Abstract
Foot and mouth disease is an economically important transboundary disease of wildlife and cloven hoofed animals including ruminants. In the absence of vaccination, detection of antibodies against structural proteins (SPs) of foot-and-mouth disease virus is an indicator of infection. In the present study, a rapid dot blot assay using gold nanoparticlees was developed for the detection of antibodies against SPs of FMDV. Commercially available FMD vaccine was used as a source of FMD antigen. After the synthesis of gold nanoparticles (GNPs), the GNP-dot blot assay was tested and was found very sensitive, as the detection of antibody was up to 10−4 of serum dilution. The GNP-dot assay was found specific as it didn’t give dot with normal horse sera, fetal bovine sera and neonatal bovine calf serum samples when tested at 10−3 working dilution. When 30 serum samples from post-vaccinated buffaloes were tested at dilution of 10−3, all the samples were found positive with the variable intensity of dot. The synthesized GNPs and conjugated GNPS with antibody were characterized for their absorption limit, for their stability and for their approximate size. These characterized conjugated and non-conjugated GNPs were also analyzed by Transmission electron microscopy and Scanning electron microscopy. The GNP dot blot assay developed in this work gave promising results using vaccine antigen and can form an important tool for rapid diagnosis of FMD in FMD free countries, zones free of FMD and during last stage of FMD eradication when FMD vaccination will be withdrawn.

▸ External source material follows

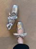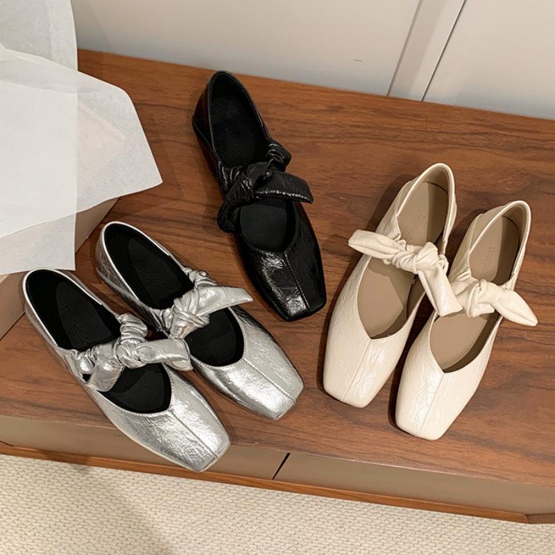 Flat single shoes women's bow word with shallow mouth small square head Mary Jane women's shoes spring and summer sweet and cool ballet shoes

Keywords: Foot-and-mouth disease virus, Gold nano particles, GNP-dot blot, Transmission electron microscopy, Scanning electron microscopy
Introduction
Foot-and-mouth disease (FMD) is an economically significant, clinically acute and contagious vesicular disease of cloven hoofed animals including domestic ruminants, pigs, deer, antelopes, camel and more than seventy wild life species. FMD is caused by Foot-and-mouth disease virus (FMDV) of genus Aphthovirus and family Picornaviridae [4]. FMDV is a non-enveloped virus with positive sense viral RNA consisting of a single open reading frame (ORF). FMDV has four structural and eight non-structural proteins (NSPs).
In endemic countries FMD is controlled by prophylactic vaccination at every 6 months. FMD free countries do not vaccinate against FMD. However, if FMD outbreak occurs, slaughtering of infected and in-contact animals, restriction in movement of animals and animal products is done. This is followed by emergency vaccination and sero-surveillance for detection of antibodies against non-structural proteins (NSPs). The FMD vaccines consist of FMDV SPs and devoid of NSPs which can be used to differentiate infected from vaccinated animals (DIVA). In the absence of vaccination, detection of antibodies against SPs is indicator of FMDV infection. Antibodies against SPs of FMDV can be detected by virus neutralization test (VNT), liquid phase blocking ELISA (LPBE) and Solid phase competitive ELISA (SPC-ELISA). Since the inactivated antigen has variable stability in LPBE, the LPBE has low specificity, SPC-ELISA has been developed [9].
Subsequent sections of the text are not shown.